Luxared commence à fleurir à la même période que le précédent, mais sa floraison ne dure qu’une semaine. Ses fruits peuvent être récoltés à partir de la première semaine de juin, jusqu’à la mi-juin.
De nombreuses variétés commencent à fleurir autour du 15 mars : Héléna du Roussillon, Farlis, Apridelice, qui offre une floraison qui dure plus de 2 semaines. Mais attention, la maturité des fruits s’échelonne entre le 15 juin et la fin juillet.
Il faut éviter par contre les Colorado et Sushi qui fleurissent juste après la mi-février, les Canino ou Rouge du Roussillon cultivables seulement en climat doux.

Erreurs à éviter pour la protection de l'abricotier
Pour une protection optimale, il est crucial d'éviter certaines pratiques qui pourraient nuire à l'arbre.

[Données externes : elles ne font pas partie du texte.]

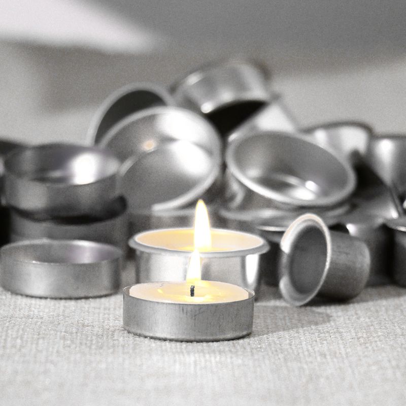 A set of 12 metal cups for candlestick accessories, round top edges make the operation safer.

Tailler en période de gel : La taille fragilise l'arbre et le rend plus vulnérable au froid. En ce qui concerne les fruitiers qui nécessitent une taille annuelle, tailler tardivement va permettre de réduire les risques liés au gel de printemps. Il convient, en outre, de faire attention à ne pas endommager les boutons ou fleurs déjà épanouies : ces jeunes organes encore très tendres sont très fragiles.
Recouvrir d’une bâche plastique : Contrairement aux voiles d'hivernage, les bâches plastiques peuvent provoquer de la condensation et un étouffement de l'arbre, favorisant le développement de maladies.

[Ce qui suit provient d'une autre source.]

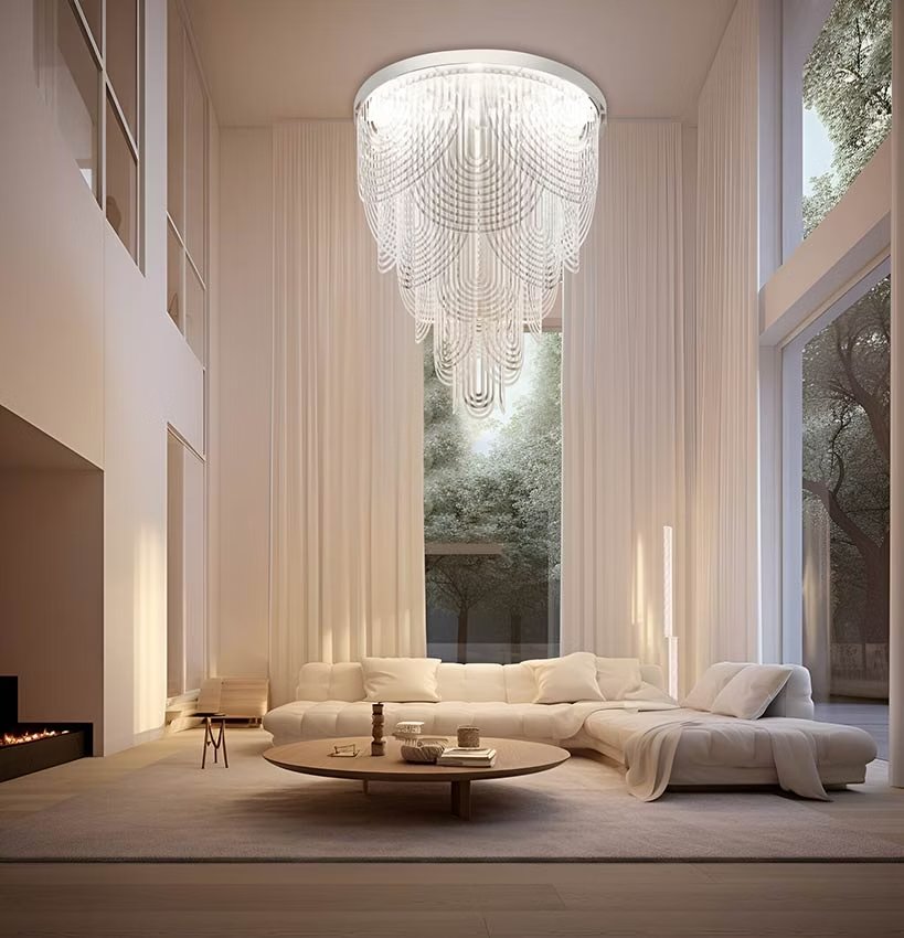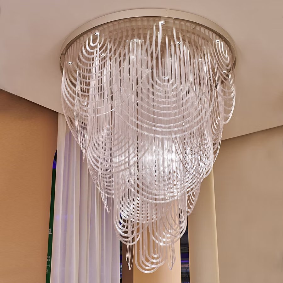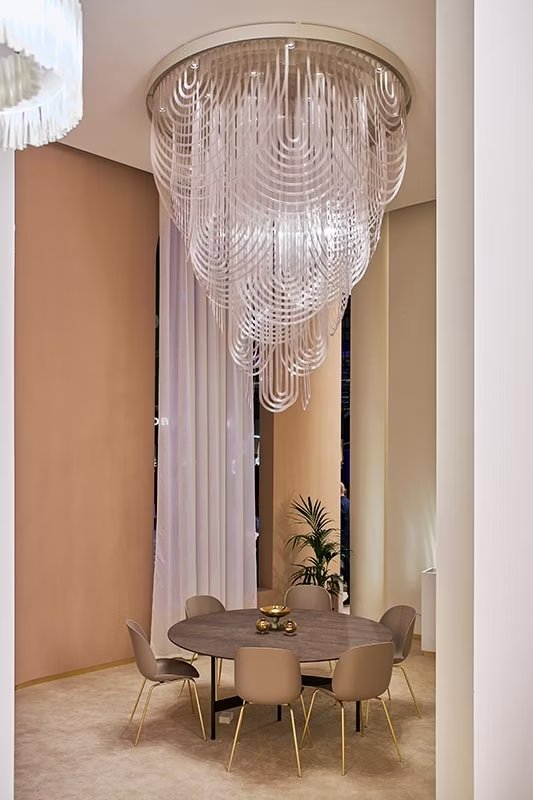 Le Grand Ceremony is a ball gown, a pearl necklace, and the draping of a neckline. Its imposing size contrasts with an intrinsic lightness that makes it easily installable in large-scale projects. 21 spotlights encircle a customizable iron ring (finishing to be determined per project), inserted in the lowered or false ceiling necessary to electrical connection. The light from the light sources spreads among the Cristalflex? 'necklaces,' creating broad and enveloping lighting effects.

Oublier d’enlever les protections dès le retour du printemps : Il est essentiel de retirer les voiles d'hivernage et autres protections dès que les températures remontent pour éviter un échauffement excessif de l'arbre et favoriser sa bonne aération. À ce stade de développement des boutons floraux, il ne faut poser un voile que lorsque le risque de gel nocturne est bien réel.

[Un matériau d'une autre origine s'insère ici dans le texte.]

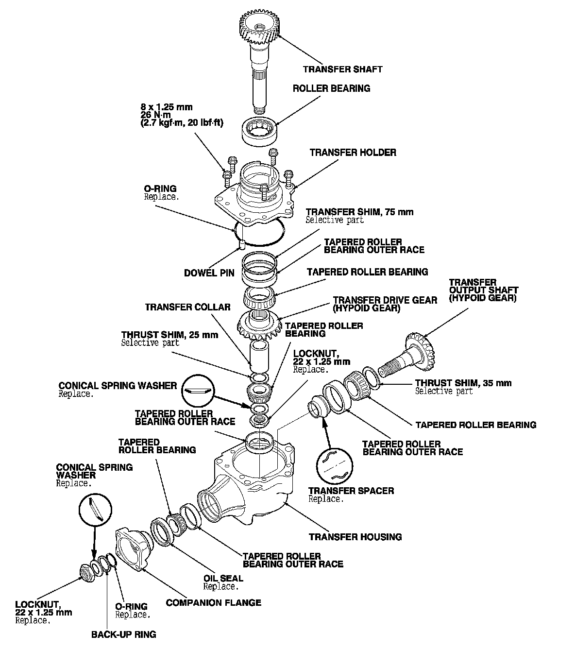 7. Remove the transfer output shaft (A) from the transfer housing (B), then remove the transfer spacer (C) from the transfer output shaft.

La météo varie entre douceurs et températures négatives. Mauvais timing pour les arbres fruitiers qui commencent à bourgeonner. Un seul coup de gel peut être fatal pour les arbres fruitiers à floraison précoce s'ils ne sont pas protégés. Pour limiter les pertes, il est impératif de les protéger. Le gel peut causer des dégâts importants sur les arbres fruitiers, surtout s'il survient au mauvais moment, celui du débourrement et celui de la floraison. Ainsi, en hiver, tant que le repos hivernal se poursuit, que le débourrement n'a pas commencé, les arbres fruitiers n'ont pas grand-chose à craindre des périodes de gelée, les dégâts sont rares, sauf en cas de gel extrême et prolongé, ce qui devient très rare aujourd'hui. La sortie de la dormance hivernale se caractérise par une circulation de la sève qui repart. Le débourrement commence, c’est-à-dire la phase qui voit les bourgeons floraux commencer à s’ouvrir. Une fois que la pleine floraison illumine le jardin, attention, il s'agit de la période la plus critique, car les fleurs ouvertes se trouvent exposées directement au gel qui va les détruire, empêchant toute fécondation. Même quelques degrés en dessous de 0°C peuvent suffire à causer de gros dégâts. Ainsi, -1,5°C à -3°C peut anéantir tout espoir de récolter poires, cerises, pêches, pommes, abricots. Cela n'a rien d'exceptionnel car les floraisons des arbres fruitiers sont de plus en plus précoces du fait d'hivers anormalement doux causés par le dérèglement climatique.